ENDERBY (dpa-AFX) - Next plc (NXT.L) reported that its profit before taxation for the 52 weeks to 26 January 2019 declined to 722.9 million pounds from 726.1 million pounds last year. The company proposed a final ordinary dividend of 110 pence taking the total ordinary dividend for the year to 165 pence, an increase of 4.4% on last year.
The company noted that the year to January 2019 was challenging for NEXT as it continued to experience a structural change in business, with sales continuing to transfer from its stores to online.
There is still a great deal of uncertainty around the exact shape and form of the UK's future relationship with the EU. The company can see no evidence that this uncertainty is affecting consumer behaviour in sector, Next said.
Profit attributable to equity holders of the Parent Company for the year decreased to 590.4 million pounds, from 591.8 million pounds last year, while earnings per share improved to 433.0 pence from 415.7 pence in the previous year.
Total revenue, including credit account interest, grew to 4.17 billion pounds from 4.09 billion pounds in the prior year.
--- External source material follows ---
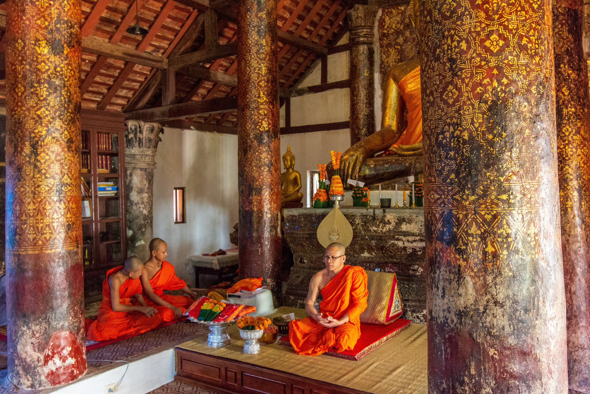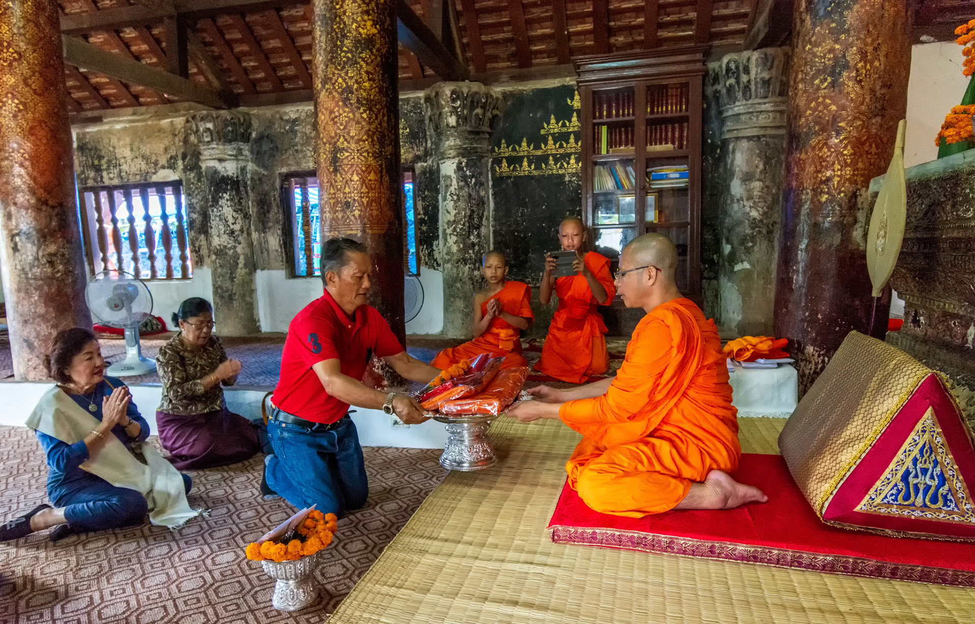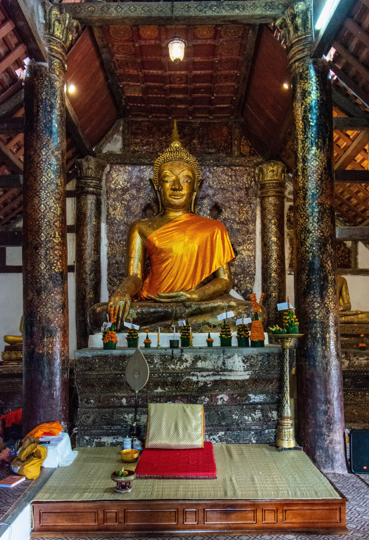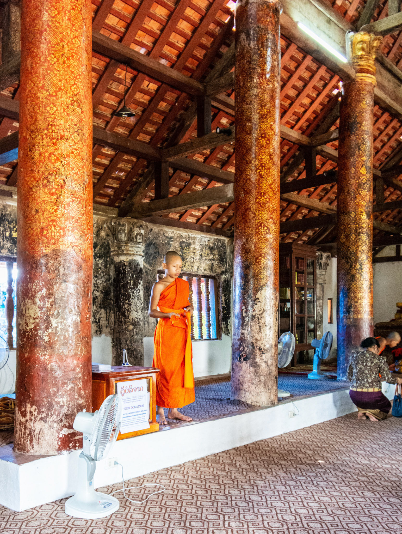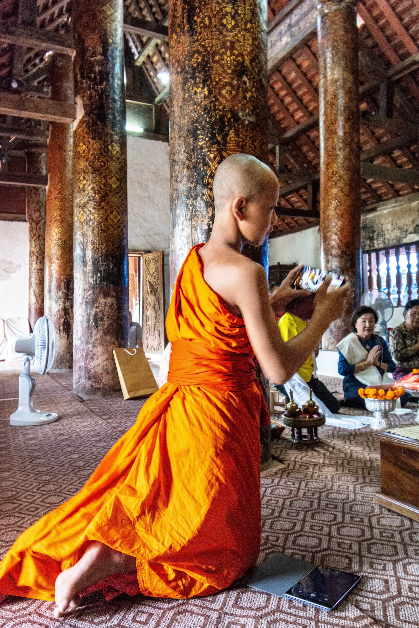 Boun Heua Fai (Fireboat Festival) day with the parade, weather permitting, due to take place that night. I went into Wat Siphoutthabath to see if anything was happening and was almost immediately greeted by a monk and invited into a prayer service- he’d seen my camera and wanted me to take shots during the service. Apart from the novices, there was what seemed like a prominent family group who during the service gave numerous offerings to the temple. Afterwards the monk walked the family group, a couple of other tourists and me in tow around the grounds.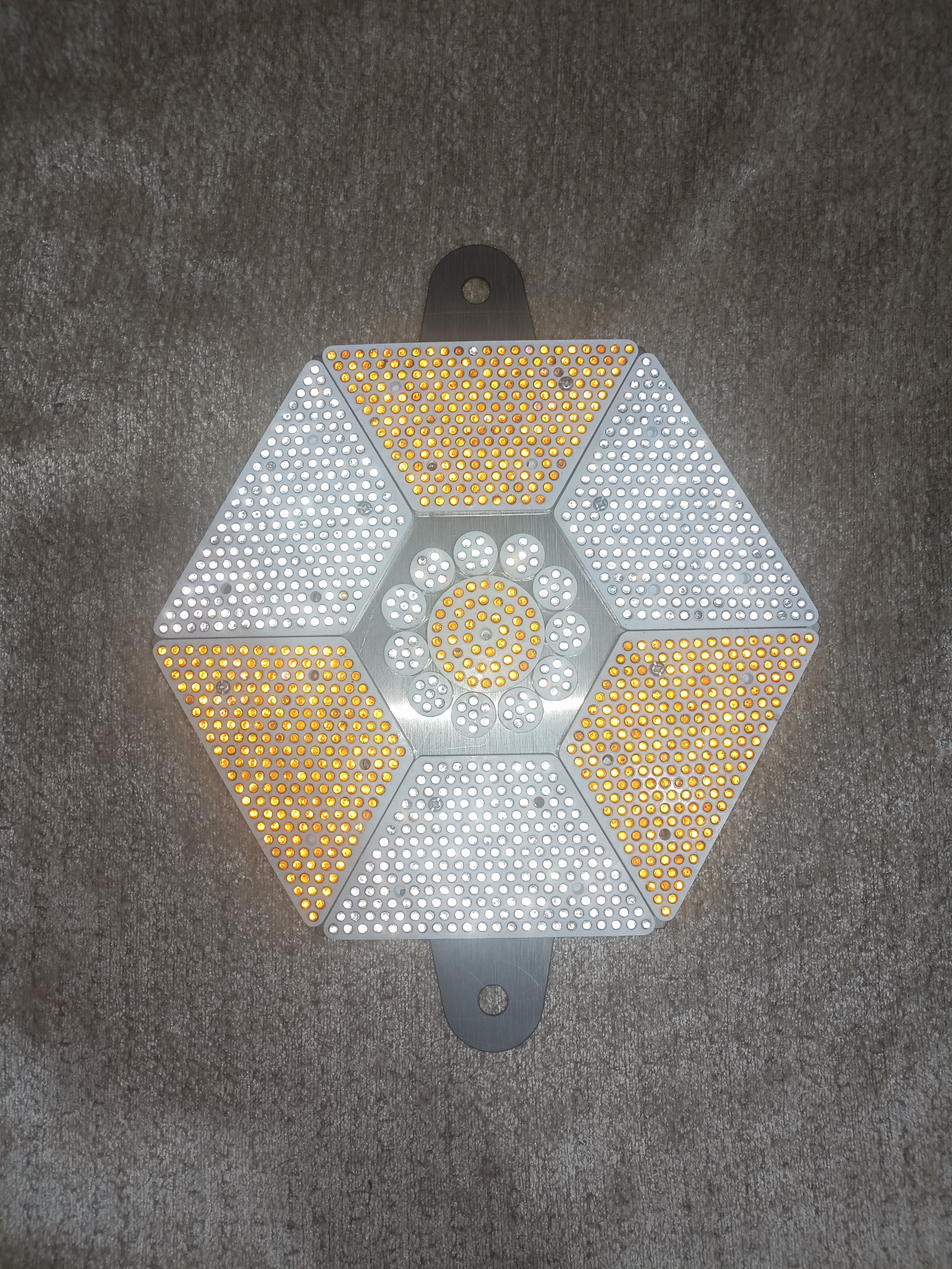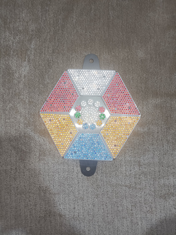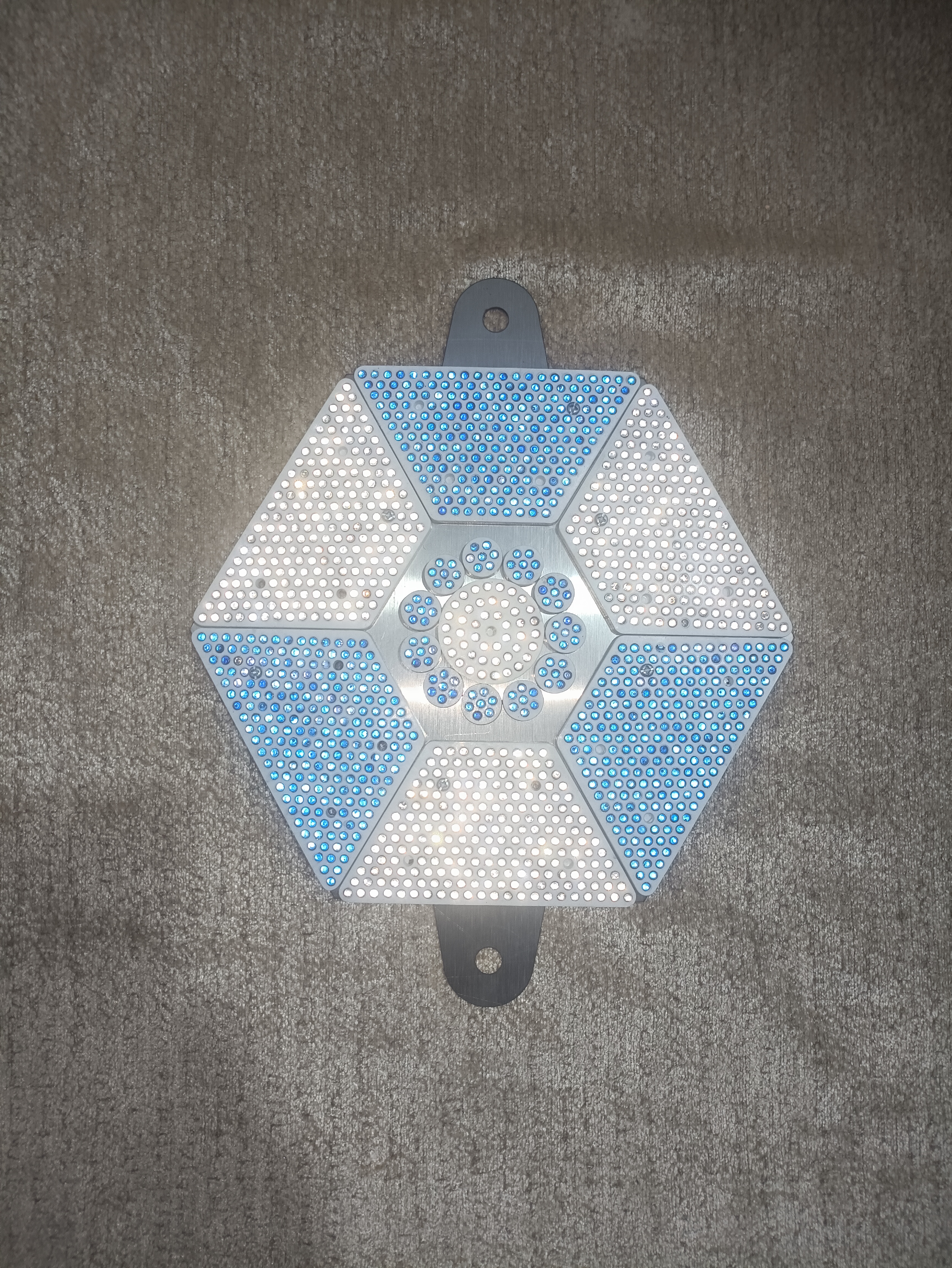 هر محصول شامل ۶ عدد ذوزنقه پروانهای ۲۱۳ نگین به همراه یک عدد سکه ای ۴۵ نگین و ۱۱ عدد شبرنگ سکه ای هفت نگین و یک شاسی فلزی استیل ضد زنگ میباشد .

Full price sales were up 3.1%. Online full price sales increased by 14.8% and Retail full price sales declined by 7.3%.
The company noted that its central guidance is based on full price sales for the year ahead being up 1.7%. This is in line with our performance in the second half of last year.
Although the company anticipates that total sales will grow in the year ahead, Next forecasts for profits to marginally decline.
At central guidance of full price sales growth of 1.7%, the company estimates that Group profit before tax would be around 715 million pounds, down 1.1% on last year. It expects earnings per share to be enhanced by 4.9% as a result of the continuing distribution of surplus cash generation in the form of share buybacks. As a result, earnings per share for the full year are expected to rise by 3.6%.